=== Data extracts ===
★ ★ ★ ★

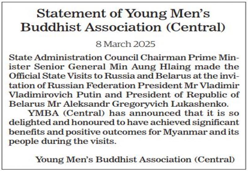 A high-level goodwill delegation led by Chairman of the State Administration Council Prime Minister Senior General Min Aung Hlaing paid official State visits to the Russian Federation at the invitation of President of the Russian Federation Vladimir Vladimirovich Putin and to the Republic of Belarus at the invitation of President of the Republic of Belarus Aleksandr Lukashenko on 3 March 2025 and could hold meetings to achieve positive results for Myanmar.
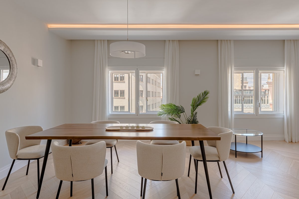 Ця квартира була красиво відремонтована. У ньому є 4 спальні та 3 ванні кімнати, а також додаткова гнучка кімната з двома двоспальними диванами-ліжками. З сучасної кухні, елегантної їдальні та балконів відкривається вид на площу Мера. Квартира надає рідкісну можливість зупинитися в одній з історичних будівель на площі мера Мадрида. Побудований на початку XVII століття і відреставрований у 1790 році, Плаза Мер розташована в центрі історичного центру міста.
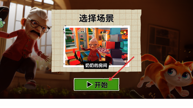 1、选择【奶奶的房间】场景,点击【开始】进入游戏。
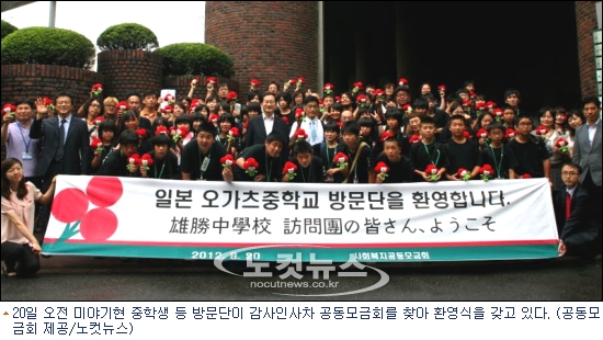 독도영유권 문제를 놓고 한일 관계가 험악해지고 있는 가운데서도, 지난해 일본 동부지역 대지진 당시 국민성금을 지원받은 일본 중학생들이 한국을 찾아 감사 인사를 했다.
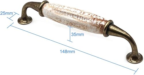 NUZAMAS - Set di 10 maniglie vintage in ceramica per ante di armadietti, cassetti, in lega di zinco, lunghezza 148 mm, manopole per armadio da cucina e guardaroba, da centro a centro 128 mm
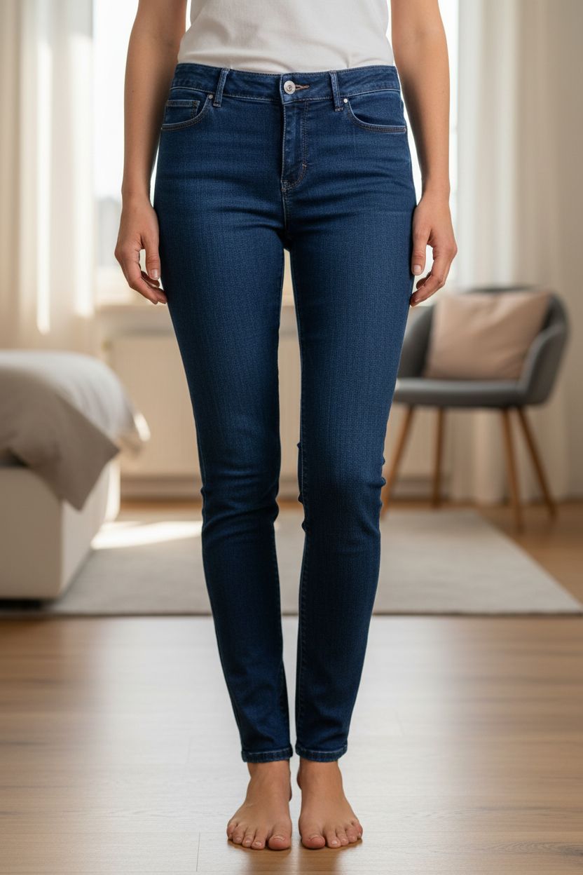 Blaue Slim Jeans Gr. 36 (6L) Stretch schmal geschnitten aufrecht stehend, der Kamera zugewandt, in einem sanft beleuchteten Schlafzimmer, mit natürlichem Licht, das durch ein Fenster fällt.
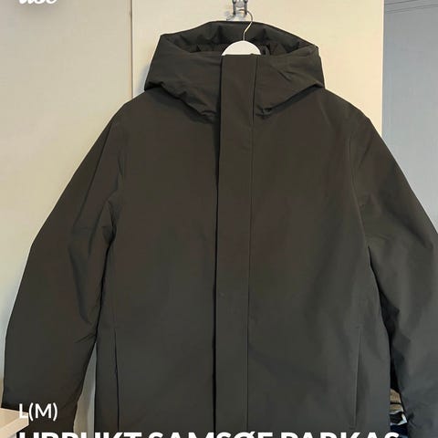 Selger en pent brukt parkas fra Samsøe Samsøe i mørke grønn. Str er medium. Jeg pleier å ligge mellom medium og large og denne passer meg godt.
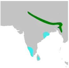 These birds arrive in the Himalayan breeding grounds in May and leave in September. Southward migration begins in August. During the migratory season they may be found as passage migrants all over peninsular India.[10][12][13] In winter they are found mainly in the hill forests of southern India,[14] the Western Ghats and in Sri Lanka. They arrive in mid-September and leave the winter quarters in mid-April. Males appeared to be commoner than females in a survey conducted in the Nilgiris suggesting either differences in the timing of migration of males and females or variation in wintering areas.[15][16] At Point Calimere they have been regularly trapped during October and November on their return migration from Sri Lanka but rarely on the southward migration with suggestions that they may follow different routes.[17]
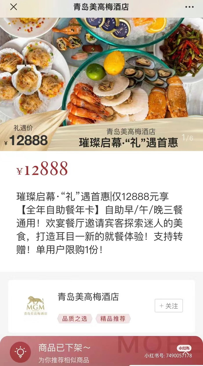 今年8月份,青岛一家美高梅酒店开业,推出了12888元的自助餐年卡套餐,平均一天餐费35元。
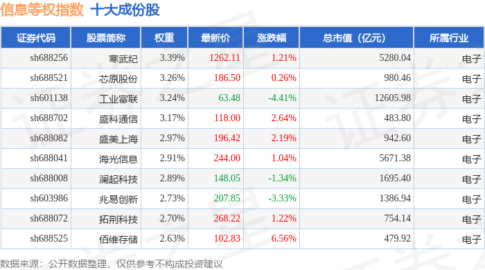 证券之星消息,10月13日,信息等权(000077)指数报收于6350.87点,涨1.39%,成交1618.86亿元,换手率2.83%。当日该指数成份股中,上涨的有30家,沪硅产业以10.83%的涨幅领涨,下跌的有20家,闻泰科技以10.0%的跌幅领跌。

★ ★ ★ ★

Because only one stretch of the records is wanted, please output the lines from the one holding "독도영유권 문제를 놓고" through the one holding "Selger en pent" exactly, both included, and leave every picture out.

 독도영유권 문제를 놓고 한일 관계가 험악해지고 있는 가운데서도, 지난해 일본 동부지역 대지진 당시 국민성금을 지원받은 일본 중학생들이 한국을 찾아 감사 인사를 했다.
 NUZAMAS - Set di 10 maniglie vintage in ceramica per ante di armadietti, cassetti, in lega di zinco, lunghezza 148 mm, manopole per armadio da cucina e guardaroba, da centro a centro 128 mm
 Blaue Slim Jeans Gr. 36 (6L) Stretch schmal geschnitten aufrecht stehend, der Kamera zugewandt, in einem sanft beleuchteten Schlafzimmer, mit natürlichem Licht, das durch ein Fenster fällt.
 Selger en pent brukt parkas fra Samsøe Samsøe i mørke grønn. Str er medium. Jeg pleier å ligge mellom medium og large og denne passer meg godt.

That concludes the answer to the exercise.